Adelaide researchers
have found that these toxins kill cells by inactivating an essential
component in the cell’s endoplasmic reticulum.
Toxins like
those of clostridium difficile are extremely toxic to intestinal
cells, but researchers are now exploring remote locations for
such toxin effects.
Clostridium
difficile toxin B (TcdB) inactivates the small GTPases Rho, Rac
and Cdc42 during intoxication of mammalian cells.
Clostridium
difficile produces three toxins, TcdA, TcdB and CDT. TcdA and
TcdB are single-stranded molecules acting as glucosyltransferases
specific for small GTPases. CDT is an actin specific ADP-ribosylating
binary toxin characteristically composed of two independent components,
enzymatic CDTa (48kDa) and binding CDTb (99kDa).
The prevalence
of binary toxin producing strains is estimated to be from 1.6%
to 5.5% (Rupnik, Grabnar and Geric, 2003)
The ADP-ribosylating
toxins (ADPRTs) are a family of toxins that catalyse the hydrolysis
of NAD and the transfer of the ADP-ribose moiety onto a target.

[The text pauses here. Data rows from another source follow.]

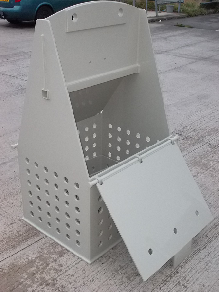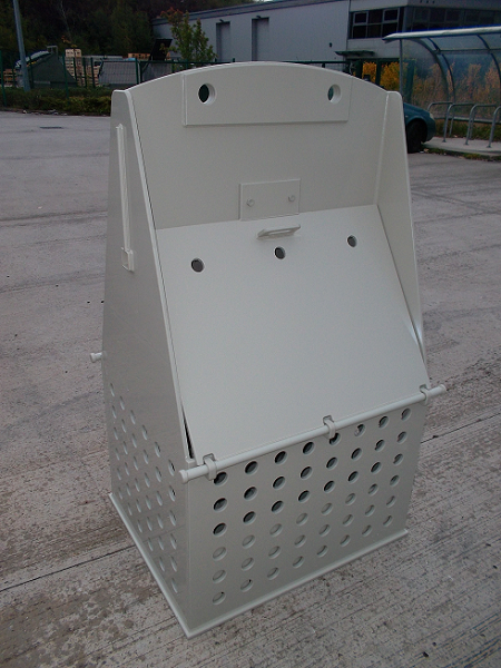 A polypropylene acid dipping basket for aircraft parts C/W removable internal work support fixture.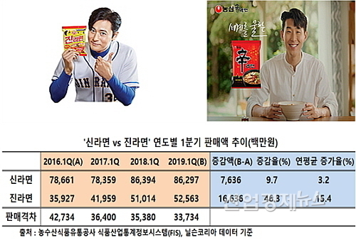 한국농수산식품유통공사의 식품산업통계정보시스템(FIS, 닐슨코리아 수치)에 따르면 올 1분기 이들 제품의 국내 판매액은 신라면이 지난해 1분기 863억94백만 대비 약 97백만 원 감소한 862억97백만 원을 시현한 반면에,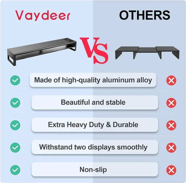 2 Tiers & Space SavingThis 2 tiers dual monitor stand adds extra space for tidying up a messy desk, providing an efficient and tidy working environment. The upper layer can store desktop accessories, such as cell phones, sticky notes and pen. It also sustain your monitor with a storage room underneath for keyboard and mouse.
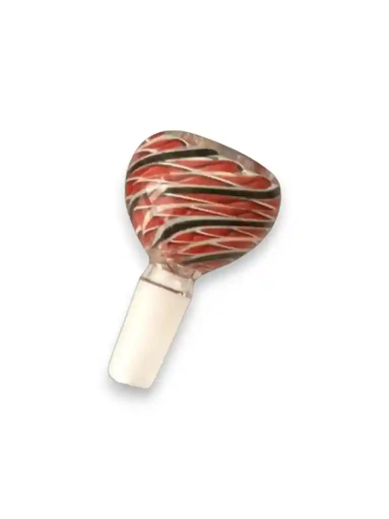 Este bong es un accesorio de vidrio artístico soplado, con diseño curvo estilo “cuello de cisne” y base redonda tipo esfera. Tiene detalles en tonos rojos y dorados que le dan un acabado elegante y llamativo. 🔥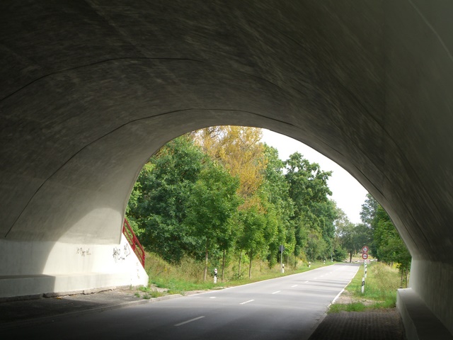 Segmentbogenbrücke unter der Autobahn

This family includes many notorious killers, responsible for thousands
of deaths annually including: cholera, enterotoxic Escherichia
coli, whooping cough, diphtheria and a number of clostridial binary
toxins.( Holbourne et al) 2006)
Ritchie Shoemaker
MD of Pocomoke in Maryland, USA writes extensively about toxins.
The organism
behind estuary syndrome (pfiesteria) produces a neurotoxin, and
possibly small molecular weight toxins from some of these organisms
may turn out to explain the majority of these disorders.
I quote Shoemaker,
” Best
defined as causing "chronic, neurotoxin-mediated illness,"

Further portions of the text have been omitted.